Schönes System, der Preis ist auf jedenfall nicht schlecht und da ich vor kurzen einen PCGH-PC mal in Aktion sehen durfte, muss ich sagen das die wirklich leise sind und alles sauber verarbeitet ist.


----------



## Chinaquads (5. Januar 2018)

Tolles Video, aber wieso wird nen grottiges Sharkoon WPM600 verbaut?

Hätte es da nicht auch zur Not nen Pure Power 10 500 Watt getan ? Preislich auf Augehöhe, technisch weitaus besser. Dazu hat das Sharkoon keine ATX 2.4 Zertifizierung, was für aktuelle Prozessoren problematisch werden könnte.
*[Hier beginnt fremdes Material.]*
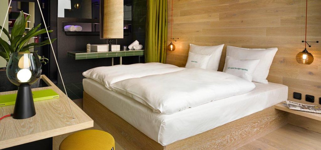 This design hotel follows an “urban jungle” theme, boldly innovative and full of creativity and humor. The public areas use abundant greenery and natural materials, while the guest rooms blend vintage and modern styles. Graffiti art and handmade furniture coexist, expressing a strong personality.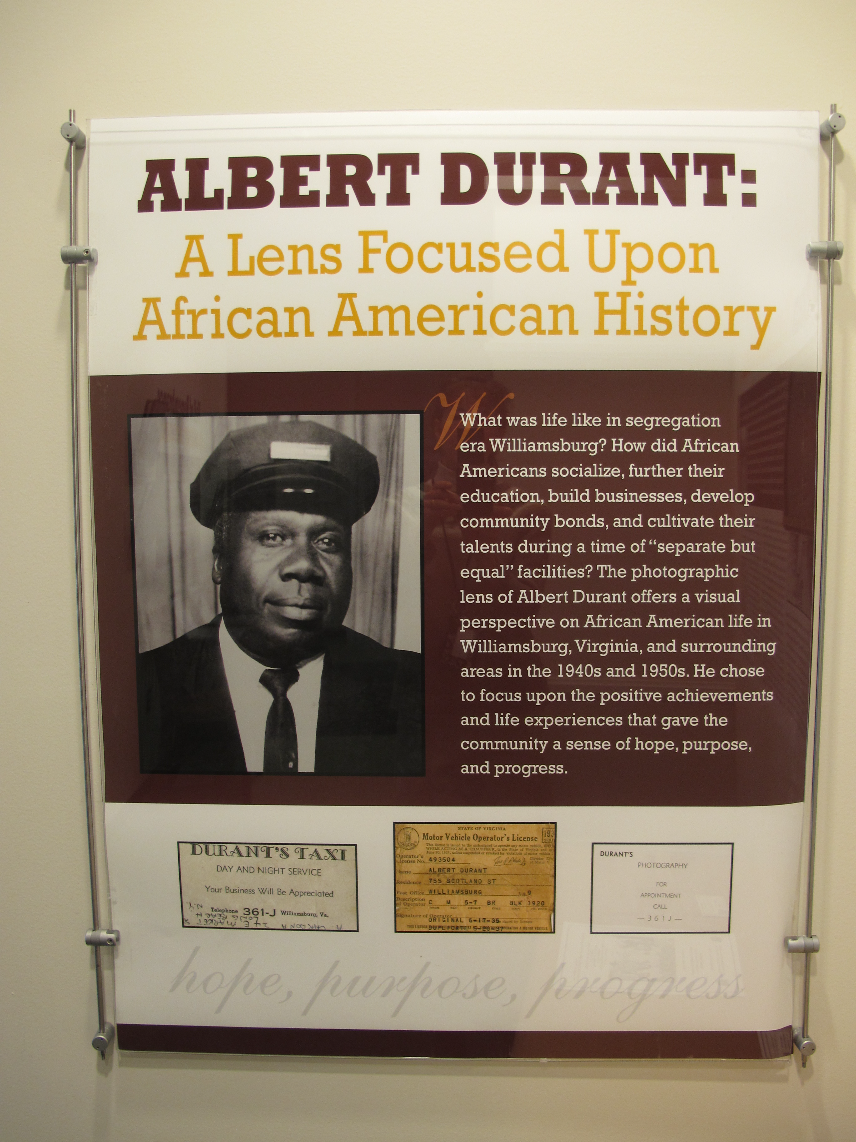 While it is not known how he received his training as a photographer, community residents speculate that it may have been via classes he audited at the College of William & Mary, where he frequently sat in to further his knowledge. As an adult, Albert Durant ran a chauffeuring and limousine service as his principal source of income. He became well known as a sought-after guide to the historic sites of the area for distinguished visitors to the city. Famous individuals he chauffeured included Her Majesty Queen Elizabeth, The Queen Mother of the United Kingdom, Prince Akihito of Japan, and various United States government officials. Durant soon found that he could at times combine his photography skills with his chauffeuring by offering to take a portrait of his clients at a historic site. He also began frequenting many African American events to offer his services as a photographer. Eventually, he became the first licensed African American photographer in the Williamsburg area.[2]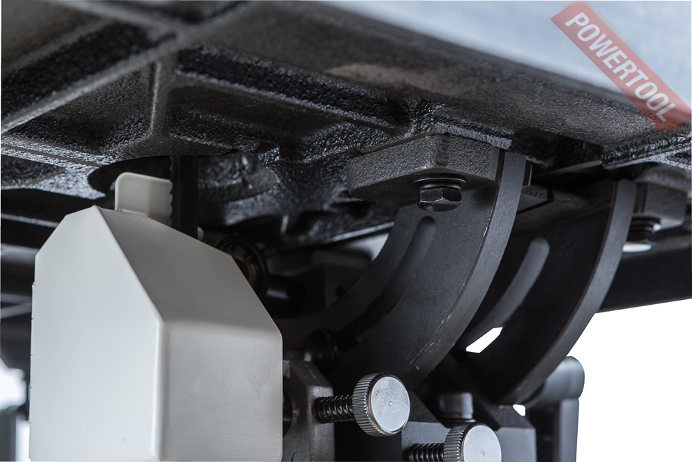 Рабочий стол чугунный, поворотные сегменты, на которые он опирается, из этого же материала. Наклон производится при помощи зубчатого механизма вращением рукоятки и возможен в обе стороны (на 5° в сторону станка и на 45° от него). Для наибольшей эффективности пылеудаления установлено два 100-миллиметровых патрубка: один под рабочей поверхностью, второй в нижней части корпуса.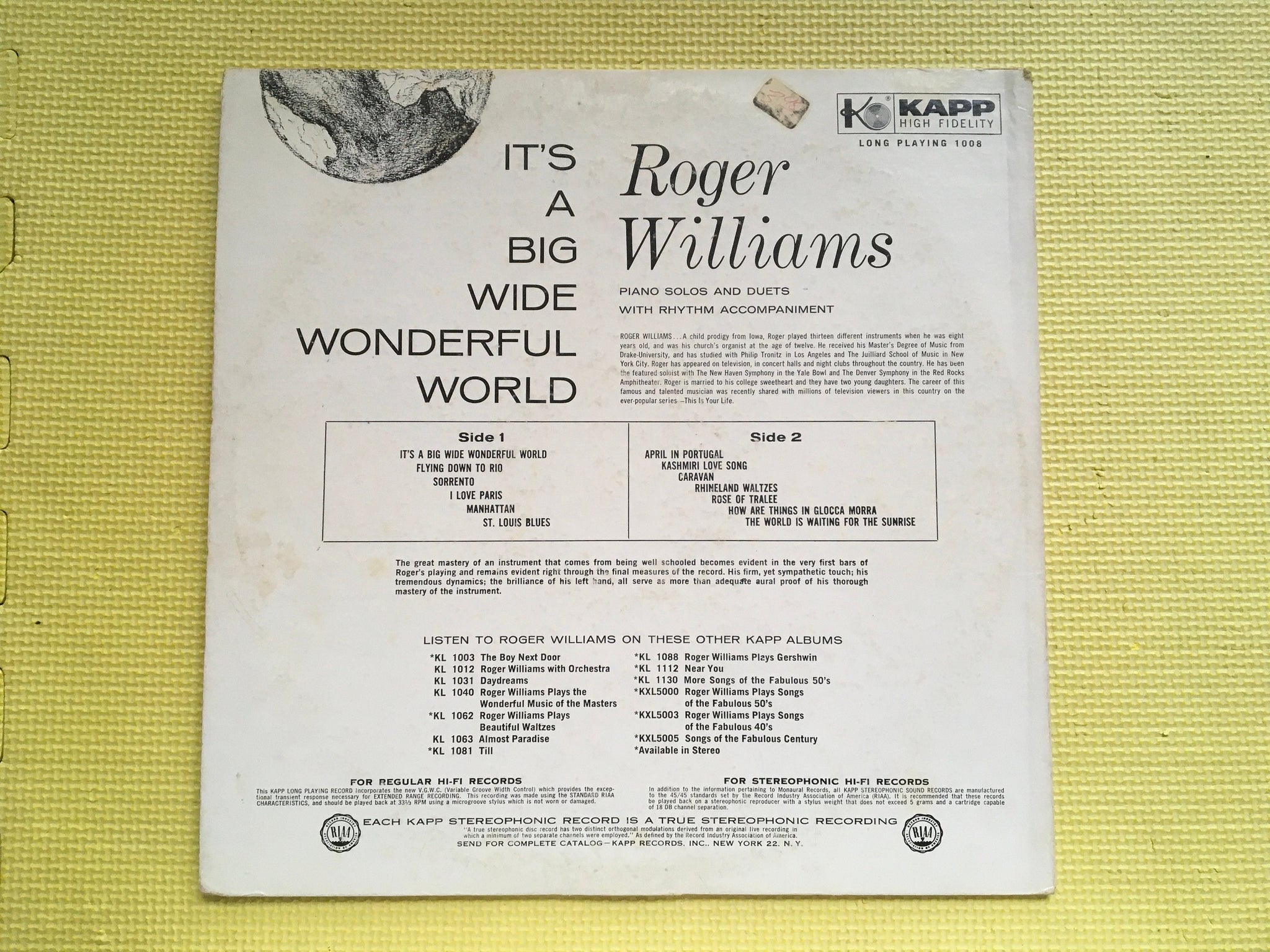 Roger Williams It's A Big, Wide, Wonderful World High Fidelity LP Kapp 1008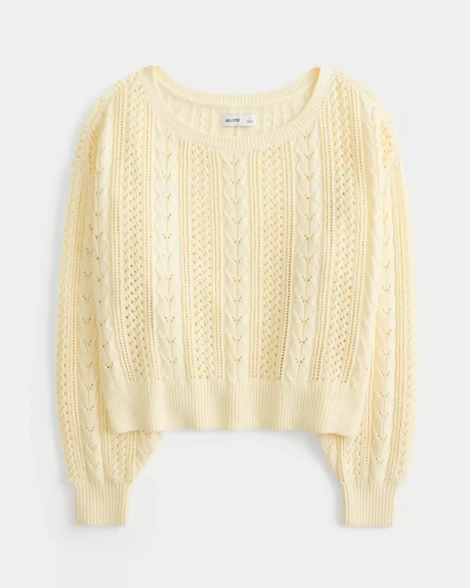 This super soft and cozy sweater features open-stitch cable-knit patterns. Ribbed trims, relaxed neckline, long sleeves. Imported.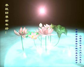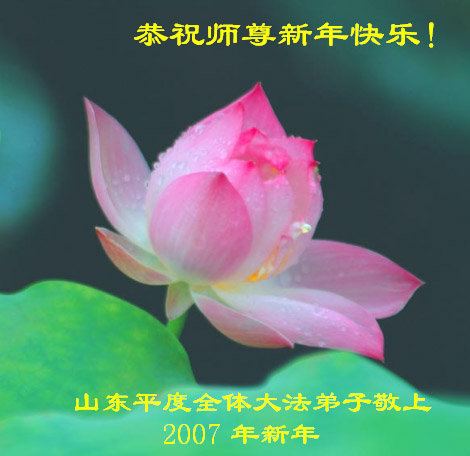 弟子谨记师尊的教诲勇猛精進、做好三件事、完成史前大愿,不辜负师尊的慈悲苦度和众生的期盼!弟子们向师尊叩拜 心愿 师恩浩大穹, 待徒雄狮勇。 徒儿若懈怠, 愧师与众生。 新年无数载, 愿师多珍重! 儿知精進猛, 整体随师行。 未来展现前, 珍惜每秒钟。 二零零六年十二月二十六日 山东日照全体大法弟子恭祝师尊二零零七年新年好!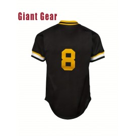 Men's #8 Black Baseball Jersey - Breathable Polyester V-Neck Loose Fit with Embroidered Number 8 & Golden Accents, Machine Washable for Team Sports, Training, Casual Outings (Sizes S-3XL)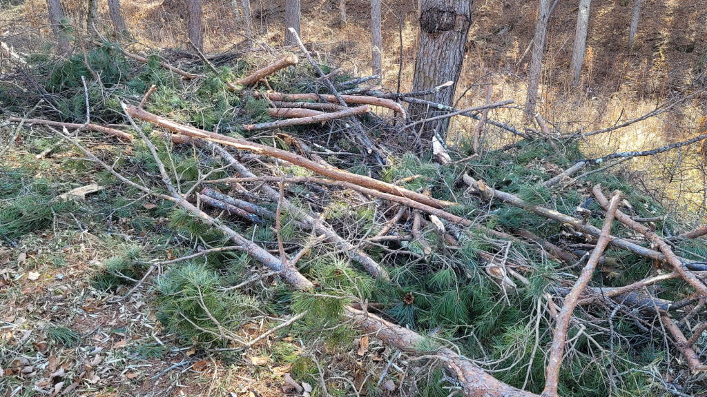 枝葉の部分は敷地の東側に積まれていたのだが、結構、太い枝もあった。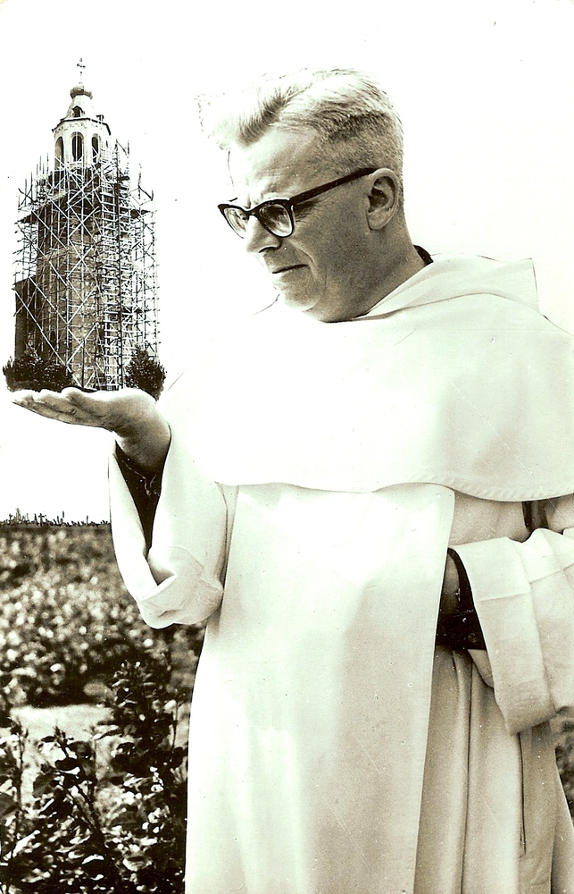 De bouwpastoor v. Kessel draagt de toren op de hand.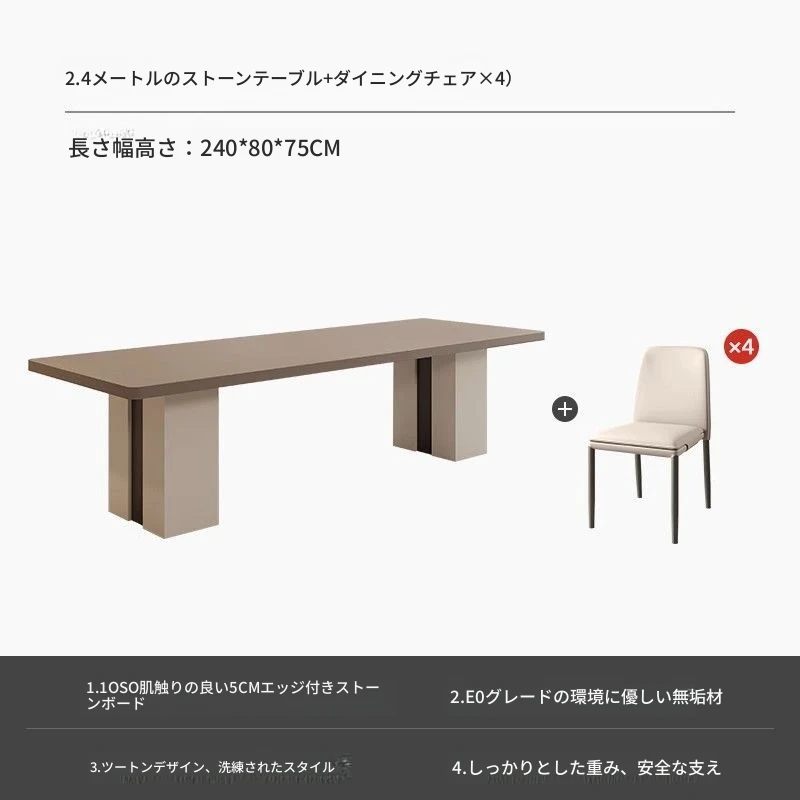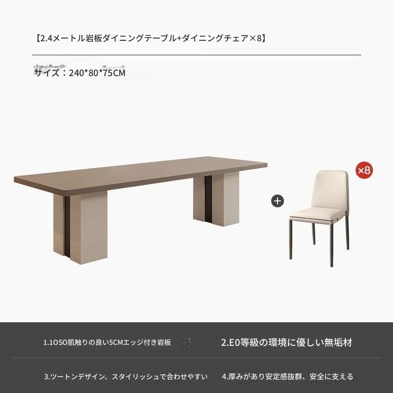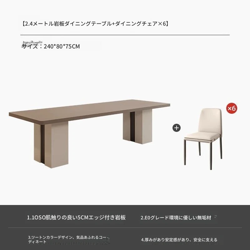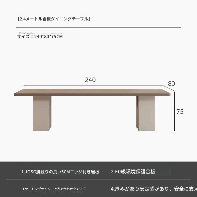 2.4メートルのダイニングテーブル【岩板5cmエッジ付き】

Dazu noch eine nicht mehr zeitgemäße Gruppenregulation der Spannungen, bei ner 1080Ti können schon einmal ein paar größere Peaks auftreten.


----------



## XXTREME (5. Januar 2018)

Fein die neuen Gehäuse, richtig schön in 90er grau gehalten von innen . Und ja, zum PSU sage ich mal besser nichts .


----------



## Clay2008 (6. Januar 2018)

Preislich sehr interessant. Aber das Gehäuse geht wohl gar nicht! Potthässlich, vor Allem innen, mit  zwei (!?!)  5,25" Schächten für Laufwerke , sowas braucht heutzutage kein Mensch mehr. Und für den Blu-Ray-Brenner hätte man lieber in ein anderes Gehäuse und/oder ein anständiges Netzteil investieren sollen.  Für so eine Konfiguration ist da Gehäuse schon eine Beleidigung! Sorry PCGH, da habt ihr mal richtig daneben gelangt.


----------



## Lawk (6. Januar 2018)

Mir ist Klang wichtig. Der ALC887 ist nicht so der Hit. Obwohl es auch immer auf die Implementierung ankommt. Hätte trotzdem lieber ein Board gesehen mit ALC1220.


----------



## Threshold (7. Januar 2018)

Schlimm ist ja das absolute Kotz Gehäuse, was da verwendet wird. Meine Fresse. 
Und das Netzteil sollte man natürlich gleich mit der Kneifzange entnehmen und dem Recycling Kreislauf hinzufügen.


----------



## octogen (7. Januar 2018)

Threshold schrieb:


> Schlimm ist ja das absolute Kotz Gehäuse, was da verwendet wird. Meine Fresse.
> Und das Netzteil sollte man natürlich gleich mit der Kneifzange entnehmen und dem Recycling Kreislauf hinzufügen.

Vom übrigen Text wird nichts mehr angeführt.